President Clinton did absolutely nothing to stop this bubble from growing. Perhaps, he enjoyed the great success of the Clinton economy, perhaps he was too preoccupied with the Monica Lewinsky scandal. It was the nadir of his popularity and he had little desire to take on the popular Alan Greenspan. 

The wealth creation in that bubble was gigantic. And so were the tax receipts from capital gains taxes on the sales of sky high technology stocks. These humongous tax receipts did more to wipe out the fiscal deficits in 2000 than Clinton’s policies.   

This huge corporate bubble burst in the second half of 2000.  The massive bust in the corporate sector was Clinton’s legacy to Bush 43.


The Great Corporate Recession & The Great Consumer Recession

Few people talk about the Great Corporate Recession of 2000-2002. As a result of the good life of the technology bubble, America’s corporations became just as bloated in 2000 as American consumers became in 2008.  When the corporate bubble burst and the great Corporate Recession ensued, America’s corporations were faced wit
h a massive deleveraging similar to what American consumers are going through today. This corporate deleveraging created America’s jobs problem that continues to this day.

Just as this corporate bubble was blowing up, 9/11 hit in September 2001. That doomed 2002 as well. Alan Greenspan responded by cutting interest rates all the way down to 1%. Nothing worked and the economy refused to recover.

Finally, the Bush Administration passed the tax cuts in 2003. They seem huge now but did not seem so in 2003. But the combination of tax cuts and lower rates did the magic and the US economy began recovering in the second quarter of 2003.

Alan Greenspan was deeply fearful of the US economy falling victim to the Japanese disease of deflation. So he injected the second round of Bubblitis in 2004. Instead of raising interest rates swiftly as he had done in 1994, Greenspan kept rates artificially low. As a result, he inflated the Housing Sector into a a massive bubble by 2006 just as he had done with the technology sector in 1999.

President
Bush did absolutely nothing to stop this bubble from growing.
Perhaps, he enjoyed the success of the Bush recovery, perhaps he
was too preoccupied with the Iraq mess. It was the nadir
of his popularity and he had little desire to take on the popular Alan
Greenspan.  Then Alan Greenspan left and his protege Ben Bernanke proved even more committed to Bubblitis.

The result was a monstrous bubble in Housing and all forms of Credit. By the time, this bubble burst,  American consumers had become bloated with debt. This crisis was more widespread because the consumer represents 70% of American economy. So this bust is bigger than the corporate bust in 2000.

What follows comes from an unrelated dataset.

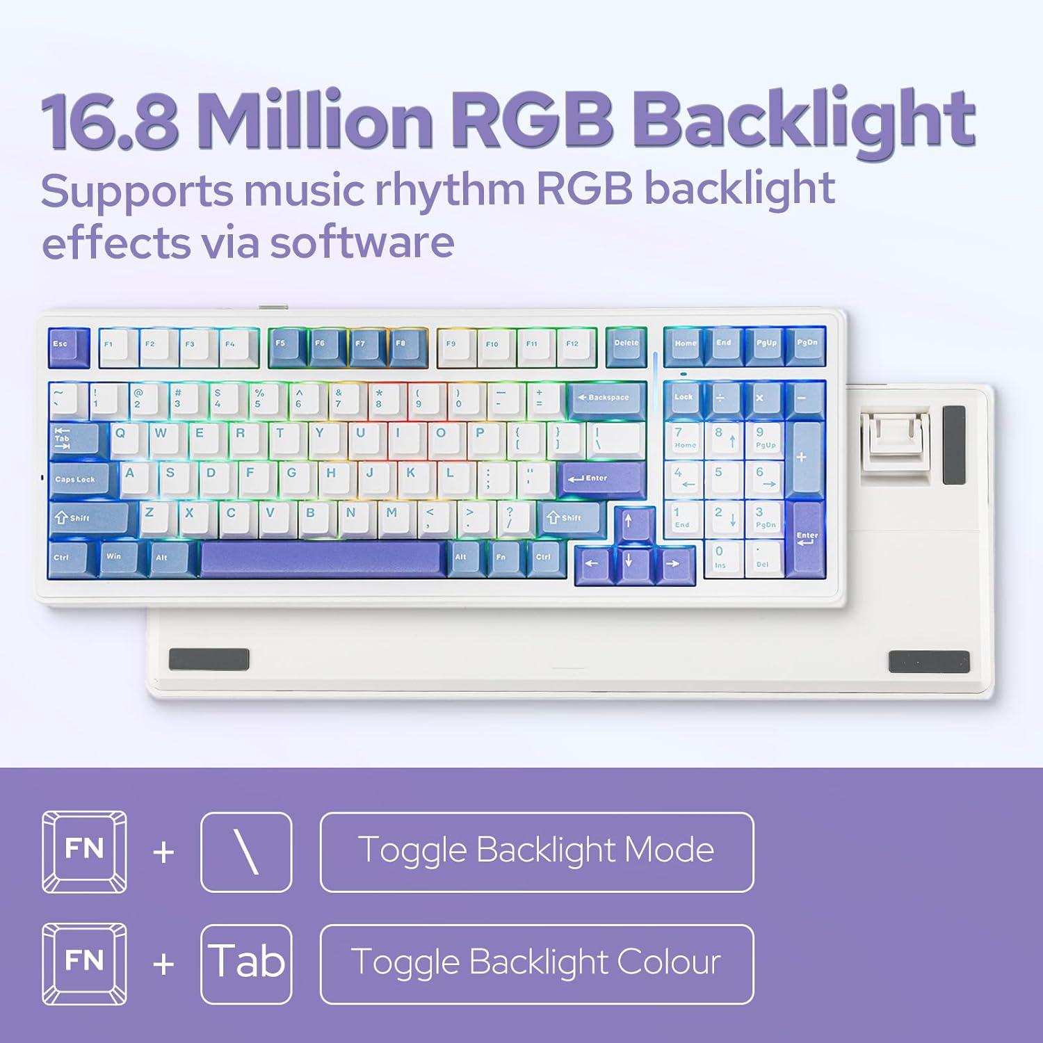 【96% Layout&Gasket Mounted Structure】A 96% layout keyboard with 99 keys can help you save more space on your desk, while keeping the arrow keys and number pad you need for games and work. The F99 gaming keyboard gasket-mounted design, complemented by an extended one-piece silicone pad, delivers unmatched typing resilience and stability. This soft elastic structure ensures each keystroke is both softer and more responsive.

The Presidencies of Clinton & Bush 43 are eerily similar. Both featured economic recoveries in the middle 4 years, Clinton from late 1994 – late 1998 and Bush from late 2002 to late 2006.  Both Presidencies featured creation of huge bubbles in the penultimate year of their second term, 1999 & 2007. Neither President was responsible for creating the bubble. Neither President acted to persuade the Federal Reserve to end the bubble before it got too big. Both Presidencies featured massive busts of the bubbles in their final presidential year, Clinton in 2000 and Bush in 2008. Both left a legacy of economic mess to their successors.

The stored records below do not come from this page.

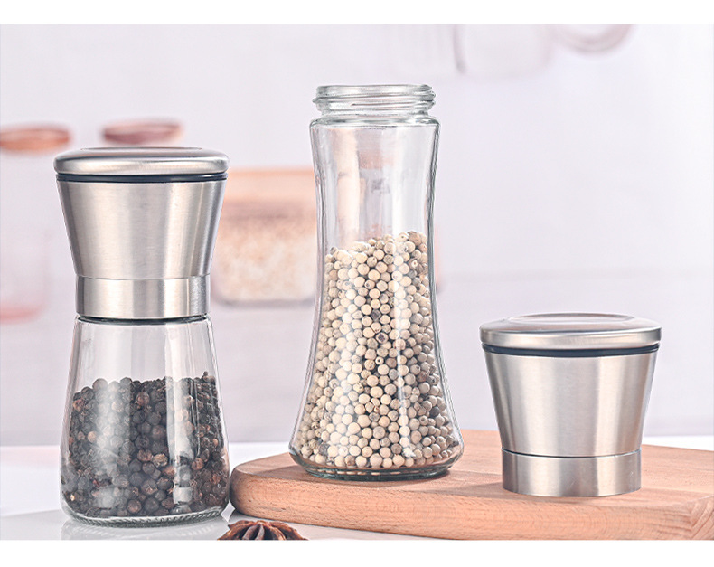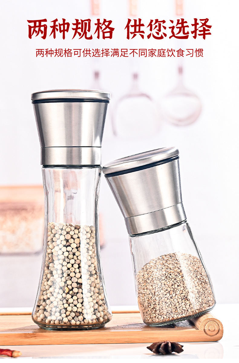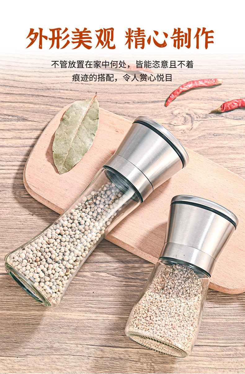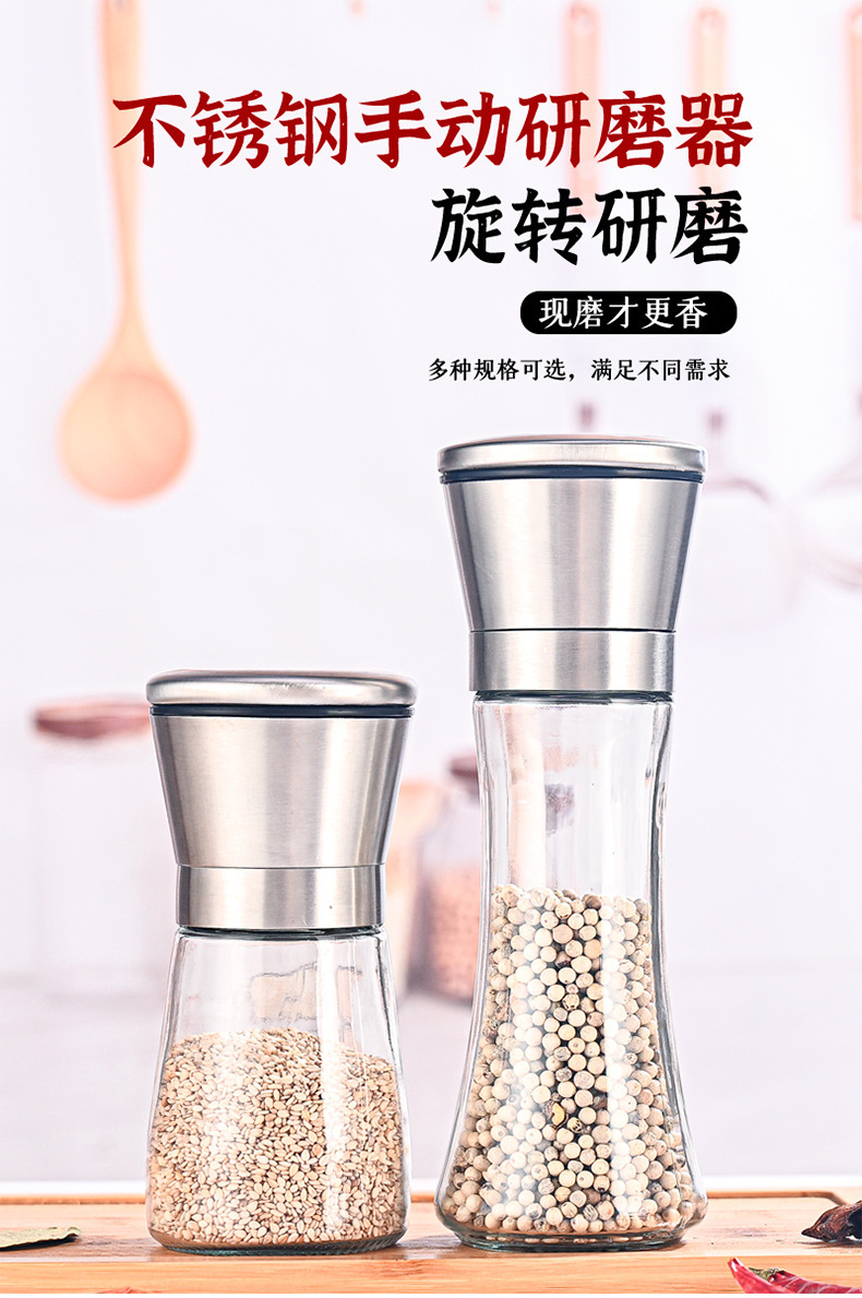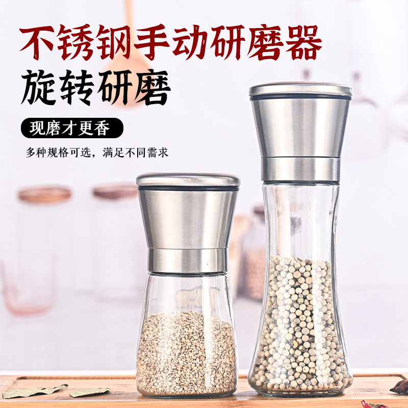 스테인레스 스틸 페퍼 그라인더 가정용 수동 유리 갓 갈은 검은 후추 가루 조미료 병은 연삭 병과 함께 제공됩니다.스토어 가기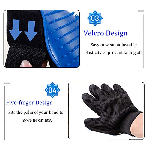 - Operación flexible - ergonómico cepillo diseño Guante de aseo para mascotas asegura sin esfuerzo, el equilibrio y el masaje para sus animales domésticos; La almohadilla de silicona ayuda a la celebración de la piel de suelta para que pueda sacar limpiamente el pelo suelto. manoplas cepillos con diseño lavable se colocan con el uso constante.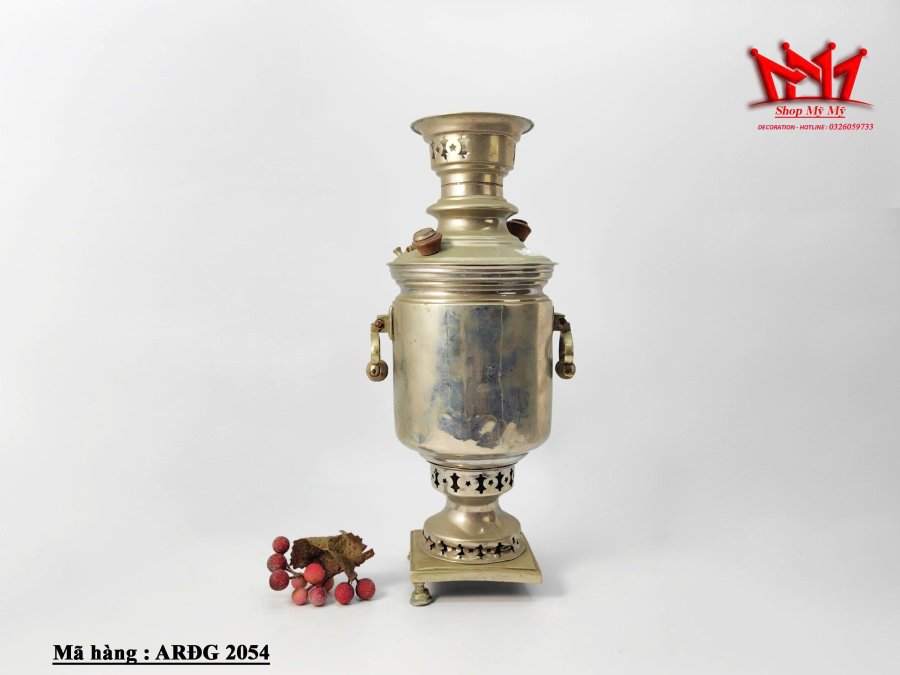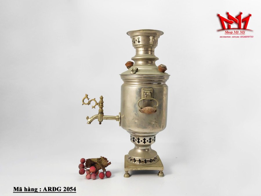 Chiếc bình đun nước kiểu Nga bằng kim loại trang trí cổ điển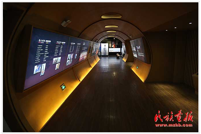 一樓展廳主題為“舞樂風(fēng)情”,展廳墻體為一道曲線,別致新穎,據(jù)了解,展示舞蹈的曲線墻設(shè)計(jì)靈感來自朝鮮族象帽舞?!跋竺蔽琛笔寝r(nóng)樂舞拓展項(xiàng)目,國家級非物質(zhì)文化遺產(chǎn),是朝鮮族“農(nóng)樂舞”中表演難度和藝術(shù)價值最高的表演形式。參觀者走進(jìn)互動體驗(yàn)區(qū),可以戴上象帽體驗(yàn)飄帶飛舞的熱烈奔放感?!跋竺蔽琛钡娘h帶不斷向上盤旋,代表著朝鮮民族對未來生活的祝福。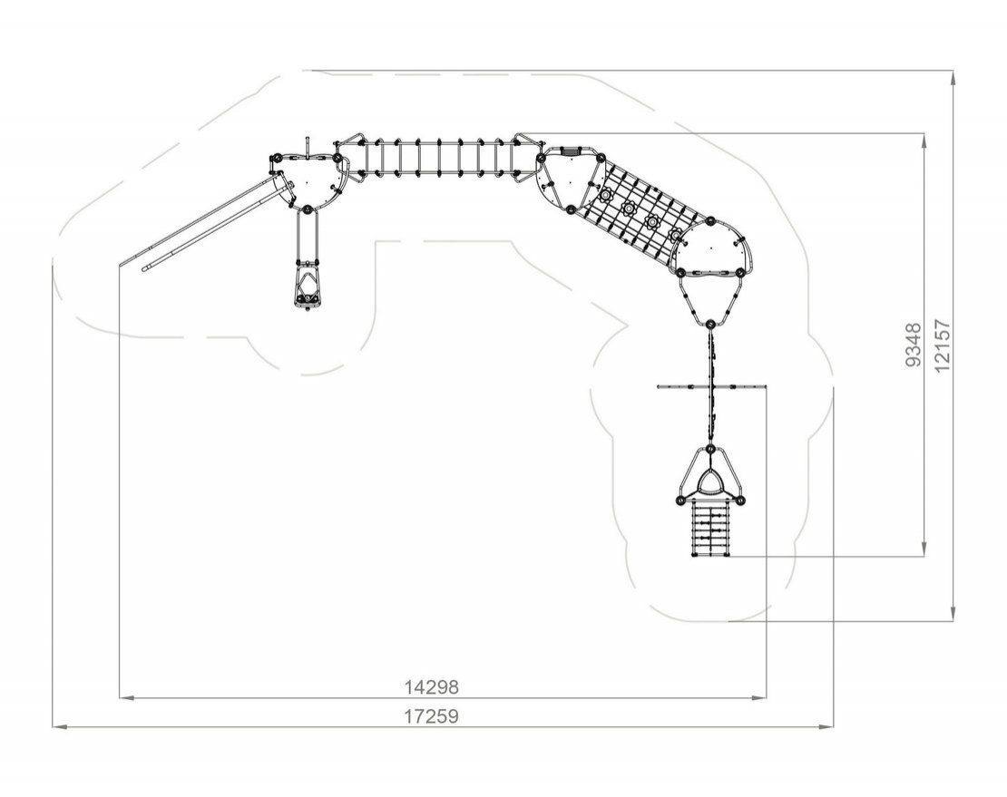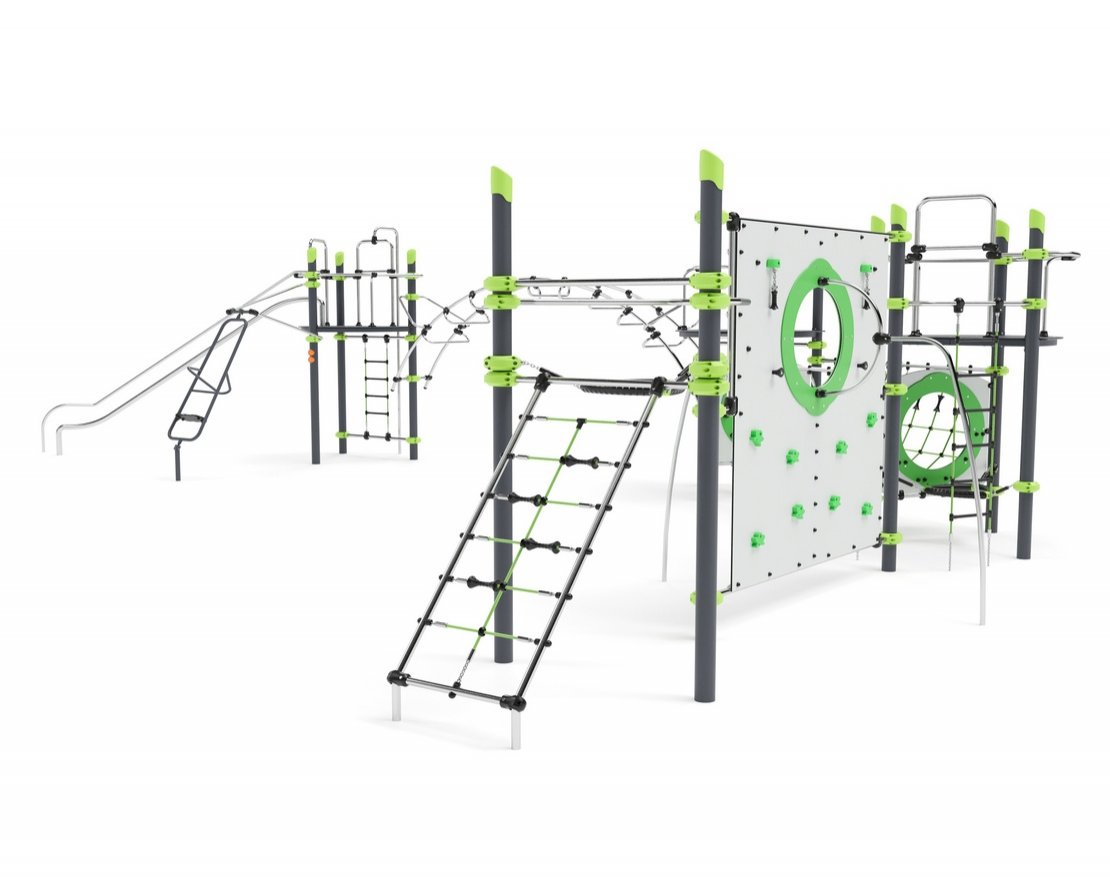 Представляет собой конструкцию, состоящую из элементов, направленных на развитие различных групп мышц. Комплекс оснащен лестницами, трубами для лазания, канатным переходом и панелью со скалодромными зацепами.

But the reality is that Clinton did not do anything to address the corporate bust in his last year. In contrast, the Bush Administration solved much of the Banking crisis of 2008 before passing the baton to the Obama Administration. Secretary Henry Paulson did the country a great service by pushing TARP through Congress and by putting much needed capital in American Banks.

Contrast this fast and effective resolution with the trouble Europe has in fixing European Banks. President Bush to his great credit allowed Secretary Paulson freedom and political cover to take the steps necessary to fix America’s Banks.

This is the real story of the legacies of President Clinton and President Bush. Neither this reality nor the enormity of mistakes of Alan Greenspan or Ben Bernanke are found in Chapter 9 of the Friedman-Mandelbaum book.

This is not our definition of Intellectual Honesty.